Pacific Horticulture Society

Erosion Control on Construction Sites

Erosion control is often needed on site during construction when vegetation on site is disturbed leaving soil exposed to wind and rain. Erosion control measures should be part of construction site planning. Some builders will grind up wood scrips to use as mulch around newly constructed homes to stabilize soil until landscaping is planted. Straw, bark dust, shredded paper, and leaves can also be used as mulch. Straw bales, sandbags, and silt fences can be used temporarily for slope stabilization and to keep sediment out of drainage inlets. Erosion control products like blankets and bags can be used in conjunction with mulch to stabilize sloped ground and disturbed soils and as ground preparation for planting (NRCS).

Builders should follow the erosion and sediment control requirements of their local municipality. Example steps may include the following: (Santa Cruz 2008, Jackson Township 2014)

1. Limit vegetation removal to the extent possible. Mark off trees to be kept with plastic fencing.
2. Revegetate the site as quickly as possible. Seed bare soils with a temporary cover of a grass seed like annual ryegrass or barley. This can be covered with 2 to 4 inches of straw.
3. Place erosion control blankets on slopes.
4. Employ sediment control including straw rolls, gravel bags, and/or silt fence at the base of slopes. Leave a vegetated strip at site perimeter if possible.
5. Protect storm sewer inlets and drains from sediment by surrounding with gravel or stone-filled geotextile bags.
6. Create a temporary roadbed of gravel or rock at the entrance to your site to keep vehicles off bare soil.
7. Remove and stockpile topsoil upper 4 to 6 inches of site surface. Locate stockpile away from downslope street, driveway, stream or drainageway. Seed the stockpile with annual ryegrass or winter wheat and/or place sediment barriers around it. Remove subsoil as needed from site and stockpile in a separate pile.
8. Periodically check and maintain stormwater and sediment control practices throughout construction.
9. After house is completed as soon as gutters and downspouts are installed, add extenders to downspouts to direct water past bare soil. Direct drainage away from bare soils and fill areas. Disperse drainage flow over vegetated areas and place rocks at the base of drainage outlets to dissipate the energy of the flowing water and prevent scouring of the ground beneath the diversion pipe.
10. As soon as all outside construction is complete, redistribute top soil and revegetate the lot with sod, seed, and mulch. Spread straw mulch on newly seeded areas, using 2 to 3 bales of straw per 1,000 square feet.
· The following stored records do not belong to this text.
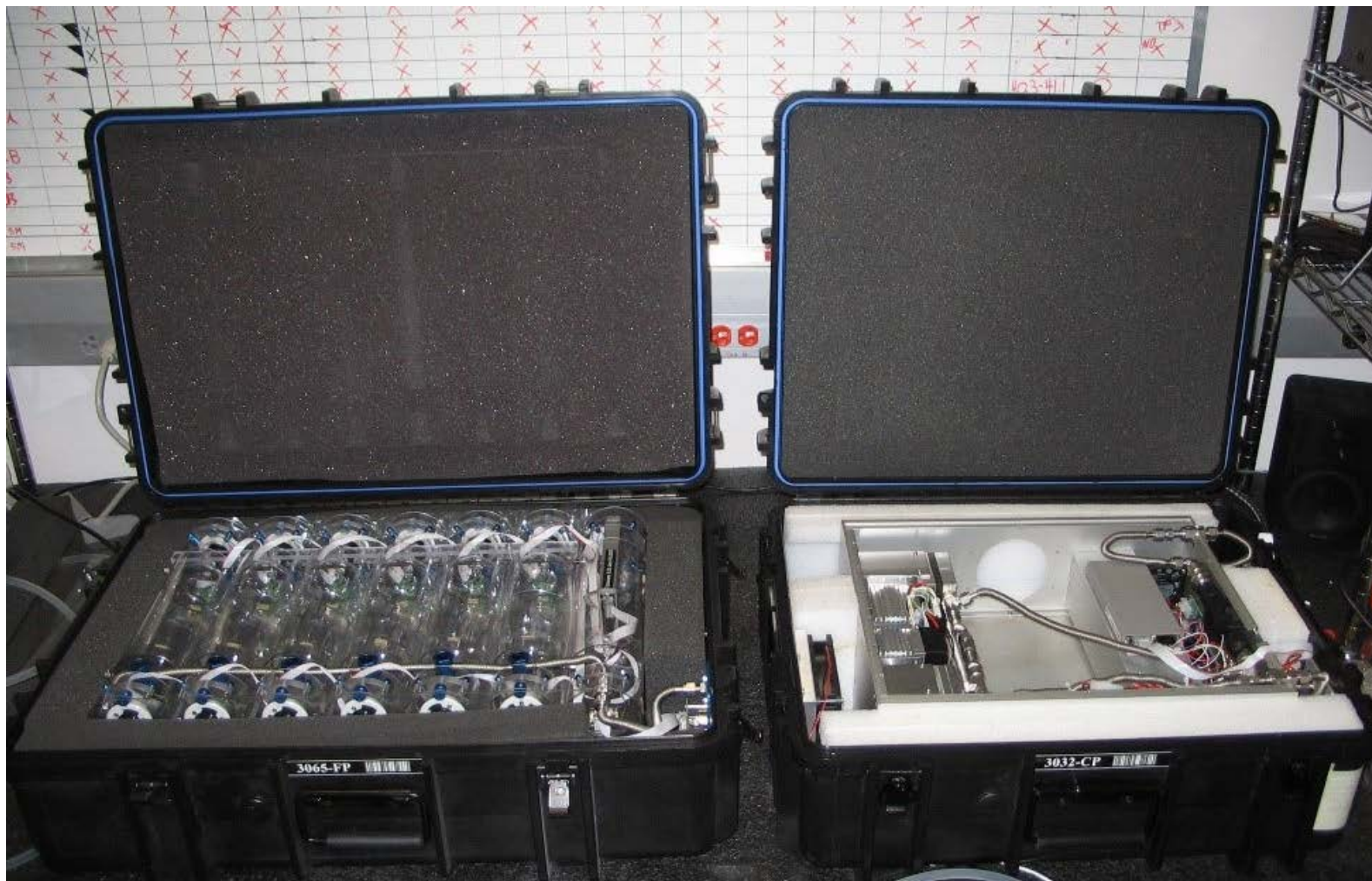
Figure 2. Flask sampling system Left: Programmable Flash Package (PFP) containing 12 flasks. Right: Programmable Compressor Package (PCP) containing pumps for pressurizing the flasks.

A typical sampling routine uses one PCP and one or more PFP(s) that are pre-programmed with a sampling plan dictating the interval for filling each flask. For each sample, the inlet line and compression manifold are flushed with about 5 liters of ambient air. Valves on both ends of the current flask are then opened and the flask is flushed with about 10 more liters of ambient air to displace the dry, low CO 2 fill gas with which the flasks are shipped. The sample flush air is measured by a mass flow meter to ensure that a sufficient volume passes through the manifold and flask before the downstream valve is closed and pressurization begins. Sample flush volumes and fill pressures during sampling are recorded by the data logger, along with ambient temperature, pressure, and relative humidity. GPS position and time stamp are also recorded with each sample.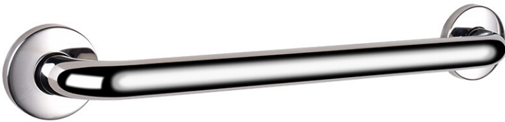
Code 1603567 600mm Grab Rail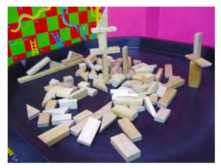
Construction area for building

• On flat or gently sloping land, anchor the mulch by crimping it 2 to 4 inches into the soil.
• On steep slopes, anchor the mulch with netting or tackifiers. Or, use erosion control blankets.

Erosion control products include woven mats to lay over loose soil or rolls of woven material-filled mulch to hold soil in place (Figure 2). The blankets or woven bags can be made of natural biodegradable fibers like jute or coconut fiber or synthetic material and are laid over disturbed ground, on steep slopes, in areas with highly erosive soils, or to stabilize drainage ways (Figure 3). These products can be used to control erosion in conjunction with revegetation efforts, providing seedbed protection from wind and water erosion (MHFD 2010).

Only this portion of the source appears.